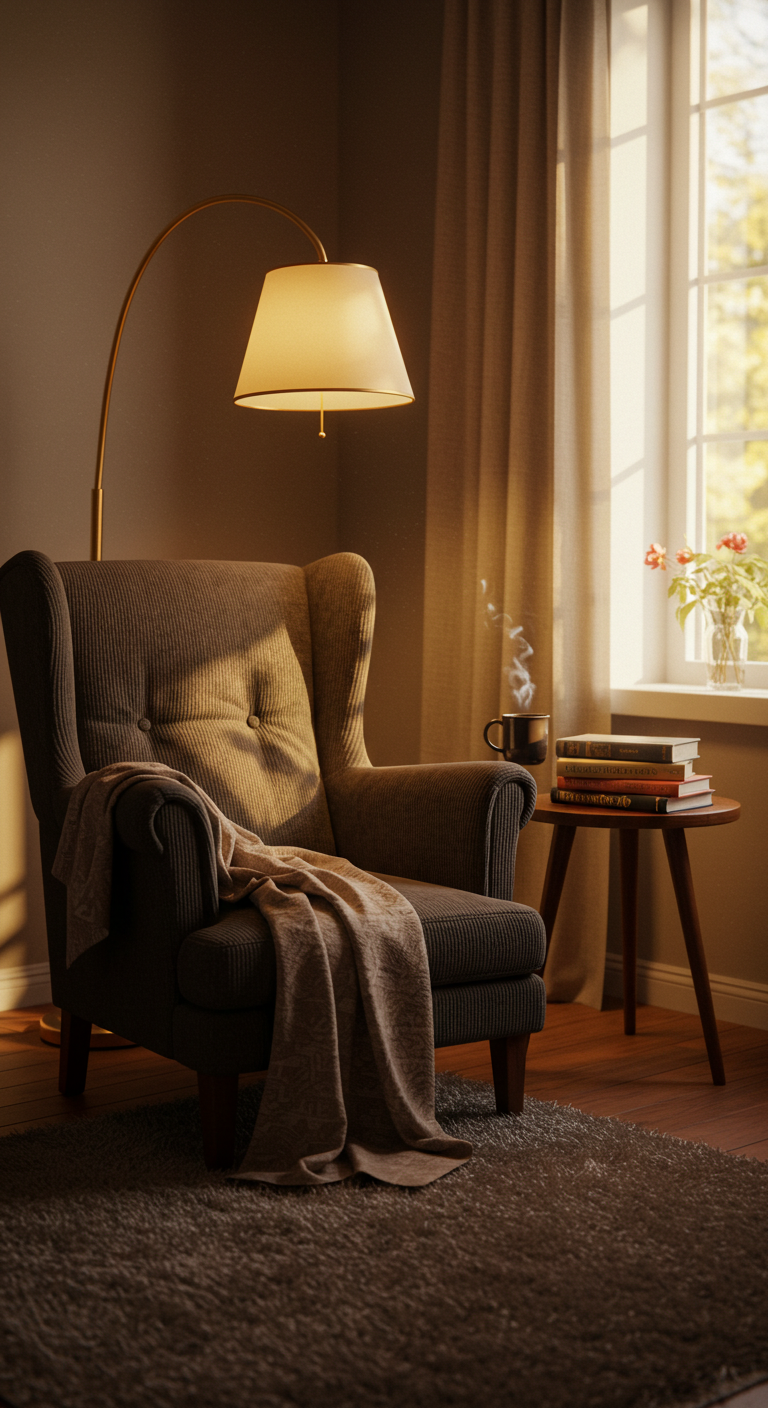Positionnez ce coin près d’une source de lumière naturelle, idéalement près d’une fenêtre. Ajoutez une lampe de lecture avec un abat-jour qui diffuse une lumière douce et dirigée. Une petite table d’appoint est indispensable pour poser votre tasse de thé, vos livres et vos lunettes.
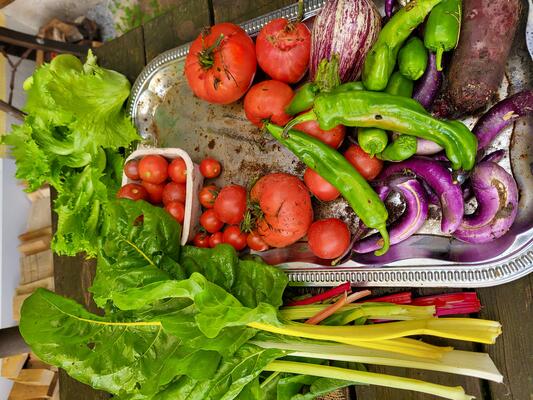 Angebaut werden verschiedenste Gemüsesorten und Kräuter, sowie ein kleiner Bereich mit Schnittblumen. Wir arbeiten nach den Prinzipien der Permakultur, das bedeutet für uns, Kreisläufe zu fördern statt sie zu unterbrechen. Wir arbeiten bodenschonend, verzichten auf schwere Maschinen und setzen auf Handarbeit, Mulch, Mischkulturen und schonen Ressourcen wo immer wir eine Möglichkeit sehen. So bleibt der Boden lebendig, speichert Wasser besser und bietet Lebensraum für zahlreiche Organismen.
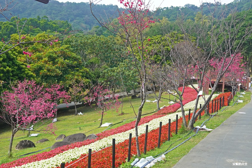 台北.東湖 │ 樂活公園 ,櫻花河岸步道 ,粉紅寒櫻、 桃紅八重櫻大盛開 。
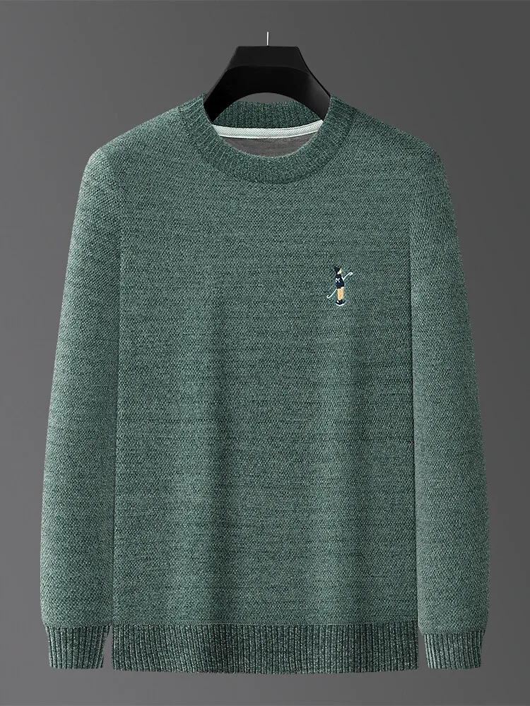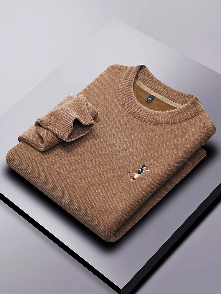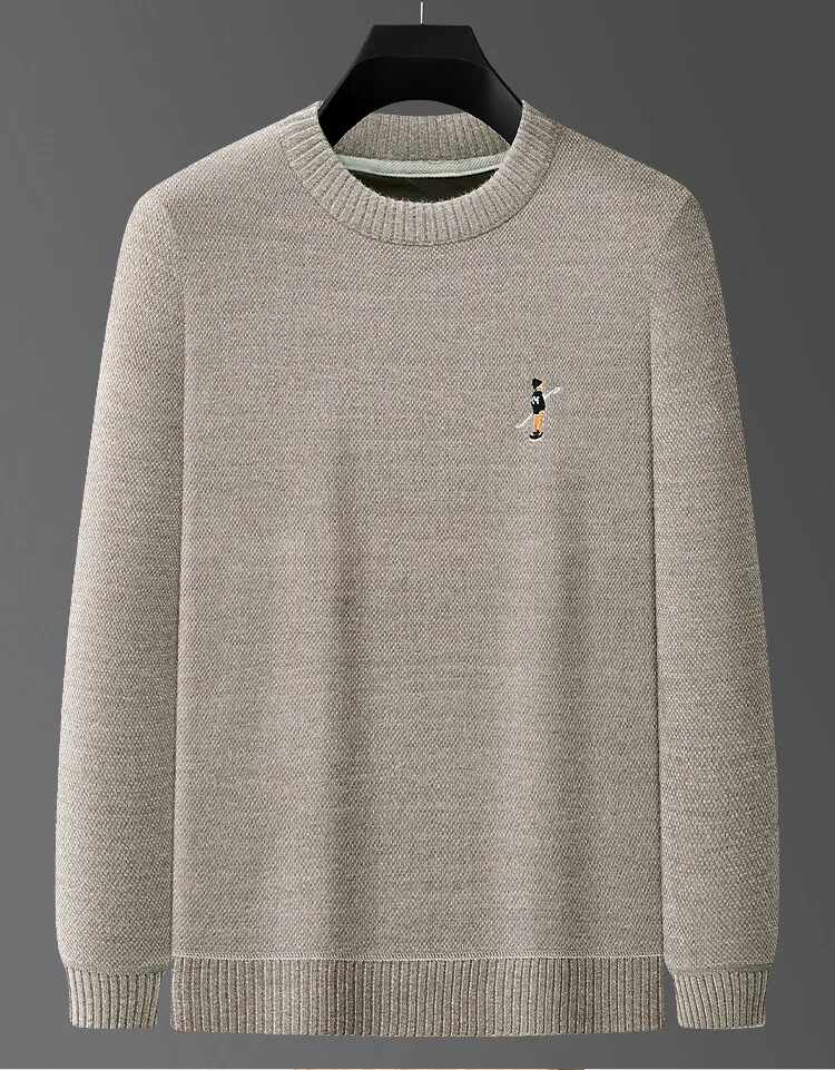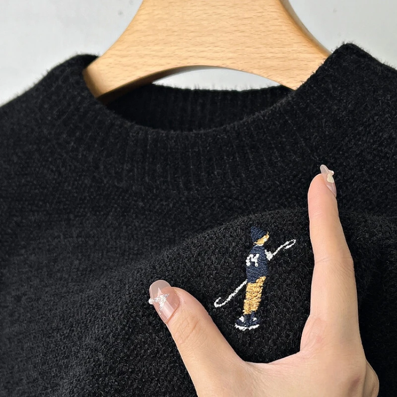 Designer Round Neck Solid Colour Exquisite Embroidery Men's Sweater Casual Warm Thick Knitted Sweater
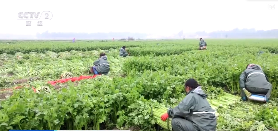 在山東德州齊河縣后王村,清新翠綠的芹菜挺拔脆嫩,種植戶(hù)正忙著收割、分揀、打捆、裝車(chē)。
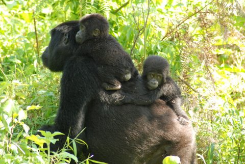 As Bahati tucks beneath the vegetation, Kwitonda emerges on the knob above us with her two fuzzy and precious packages clinging tightly to her back: the brother and sister twins Karunge and Muhozi, who were born just over a year ago.  Gorilla twins are rare. Rarer yet is both surviving past their first year.  Muhozi and Kaurunge both look healthy to these untrained eyes, and the rangers inform me they are doing just fine.
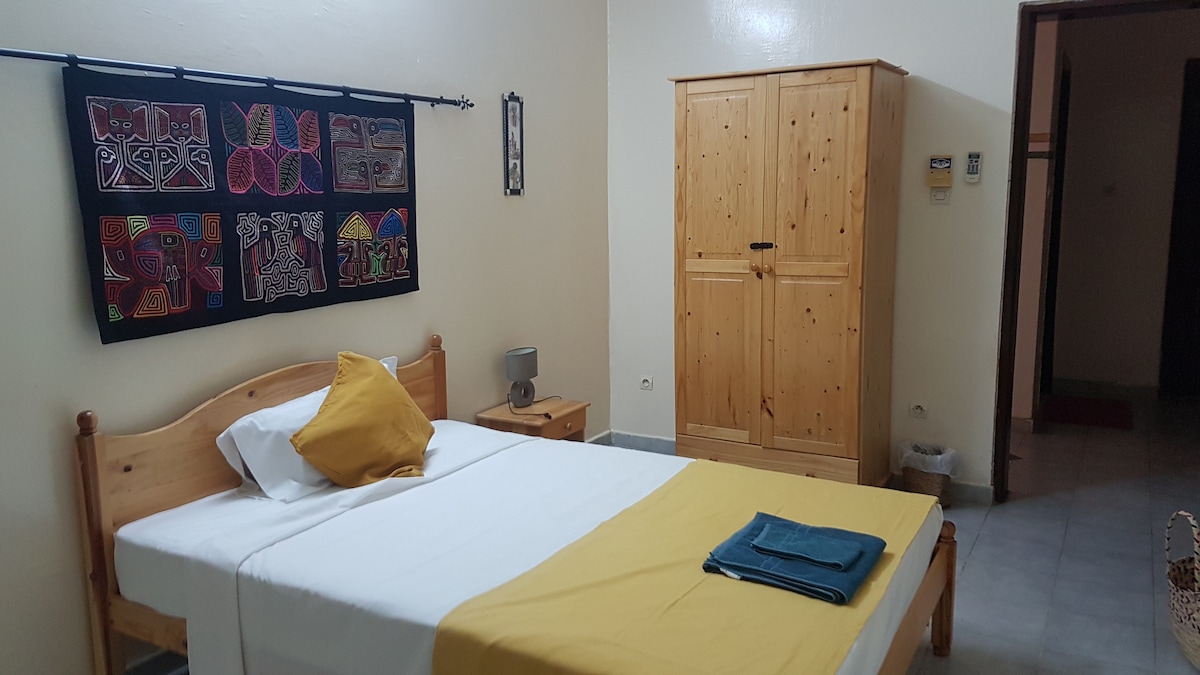 Chambre meublée et climatisée. Factures d'eau et d'électricité inclus. Nettoyage quotidien des lieux. Lingerie incluse. Calme du Lieu, un balcon. Prêt de la Route. Prix le plus bas. Accueil très chaleureux.
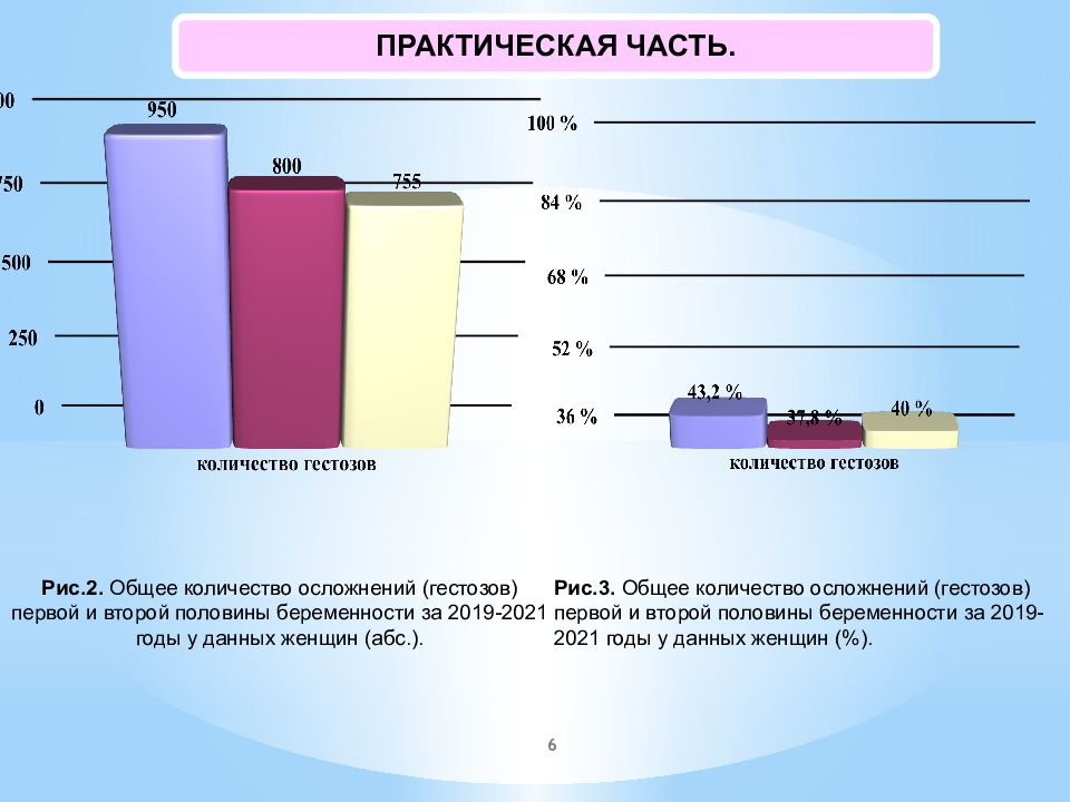 6 ПРАКТИЧЕСКАЯ ЧАСТЬ. Рис.2. Общее количество осложнений ( гестозов ) первой и второй половины беременности за 2019-2021 годы у данных женщин ( абс.). Рис.3. Общее количество осложнений ( гестозов ) первой и второй половины беременности за 2019-2021 годы у данных женщин (%).
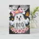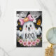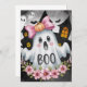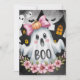 A Halloween card with a watercolor style kawaii ghost wearing a pink coquette bow. Test reads BOO! There are bats and a haunted house in the background.
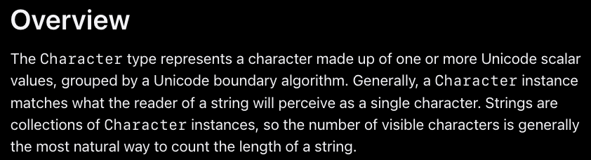 Character의 설명입니다. 한개의 Character 타입을 표현하기 위해 한 개의 character는 한 개 또는 여러 개의 Unicode scalar값으로 만들어 집니다. 즉 Character로 구성된 collection 덕분에 String은 자연스러운 문자열 크기를 반환받을 수 있습니다.
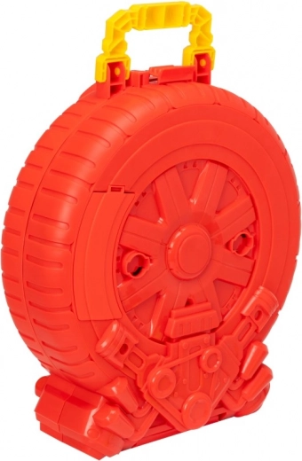 - Prenosni kovček v obliki kolesa, zložljiva igralna proga, 1× avtomobilček
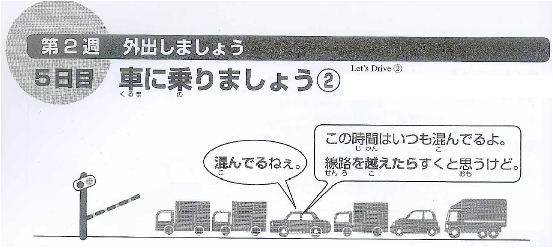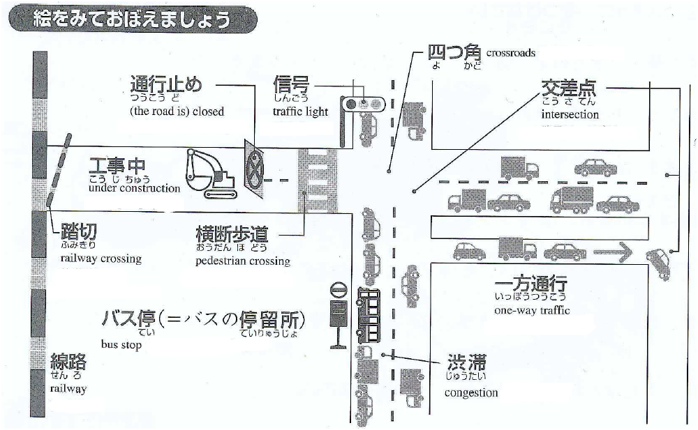 5.(一方通行(いっぽうつうこう))の(みち)反対(はんたい)(はし)ってくる(くるま)がいて、びっくりした。
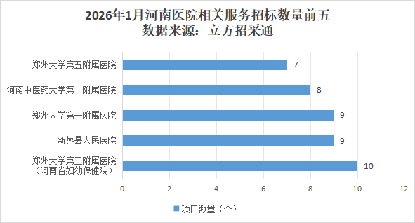 从招标单位活跃度来看,1月河南医院相关服务招标市场呈现头部医院集中发力的态势。郑州大学第三附属医院(河南省妇幼保健院)、新蔡县人民医院、郑州大学第一附属医院等五家单位,合计发布43个招标项目,占当月全省招标项目总量的24.4%。
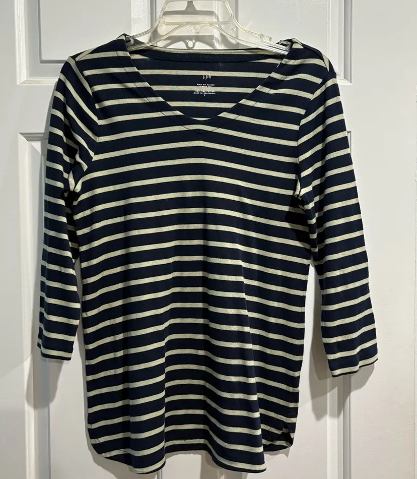 J.Jill striped pima cotton v-neck 3/4 sleeve tee shirt S dark blue - $22 - From Anna

▸ **HOW TO COMPLETE THIS TASK**: The entire listing is to be printed exactly, with each picture omitted.

▸ **YOUR SOLUTION**:
Positionnez ce coin près d’une source de lumière naturelle, idéalement près d’une fenêtre. Ajoutez une lampe de lecture avec un abat-jour qui diffuse une lumière douce et dirigée. Une petite table d’appoint est indispensable pour poser votre tasse de thé, vos livres et vos lunettes.
 Angebaut werden verschiedenste Gemüsesorten und Kräuter, sowie ein kleiner Bereich mit Schnittblumen. Wir arbeiten nach den Prinzipien der Permakultur, das bedeutet für uns, Kreisläufe zu fördern statt sie zu unterbrechen. Wir arbeiten bodenschonend, verzichten auf schwere Maschinen und setzen auf Handarbeit, Mulch, Mischkulturen und schonen Ressourcen wo immer wir eine Möglichkeit sehen. So bleibt der Boden lebendig, speichert Wasser besser und bietet Lebensraum für zahlreiche Organismen.
 台北.東湖 │ 樂活公園 ,櫻花河岸步道 ,粉紅寒櫻、 桃紅八重櫻大盛開 。
 Designer Round Neck Solid Colour Exquisite Embroidery Men's Sweater Casual Warm Thick Knitted Sweater
 在山東德州齊河縣后王村,清新翠綠的芹菜挺拔脆嫩,種植戶(hù)正忙著收割、分揀、打捆、裝車(chē)。
 As Bahati tucks beneath the vegetation, Kwitonda emerges on the knob above us with her two fuzzy and precious packages clinging tightly to her back: the brother and sister twins Karunge and Muhozi, who were born just over a year ago.  Gorilla twins are rare. Rarer yet is both surviving past their first year.  Muhozi and Kaurunge both look healthy to these untrained eyes, and the rangers inform me they are doing just fine.
 Chambre meublée et climatisée. Factures d'eau et d'électricité inclus. Nettoyage quotidien des lieux. Lingerie incluse. Calme du Lieu, un balcon. Prêt de la Route. Prix le plus bas. Accueil très chaleureux.
 6 ПРАКТИЧЕСКАЯ ЧАСТЬ. Рис.2. Общее количество осложнений ( гестозов ) первой и второй половины беременности за 2019-2021 годы у данных женщин ( абс.). Рис.3. Общее количество осложнений ( гестозов ) первой и второй половины беременности за 2019-2021 годы у данных женщин (%).
 A Halloween card with a watercolor style kawaii ghost wearing a pink coquette bow. Test reads BOO! There are bats and a haunted house in the background.
 Character의 설명입니다. 한개의 Character 타입을 표현하기 위해 한 개의 character는 한 개 또는 여러 개의 Unicode scalar값으로 만들어 집니다. 즉 Character로 구성된 collection 덕분에 String은 자연스러운 문자열 크기를 반환받을 수 있습니다.
 - Prenosni kovček v obliki kolesa, zložljiva igralna proga, 1× avtomobilček
 5.(一方通行(いっぽうつうこう))の(みち)反対(はんたい)(はし)ってくる(くるま)がいて、びっくりした。
 从招标单位活跃度来看,1月河南医院相关服务招标市场呈现头部医院集中发力的态势。郑州大学第三附属医院(河南省妇幼保健院)、新蔡县人民医院、郑州大学第一附属医院等五家单位,合计发布43个招标项目,占当月全省招标项目总量的24.4%。
 J.Jill striped pima cotton v-neck 3/4 sleeve tee shirt S dark blue - $22 - From Anna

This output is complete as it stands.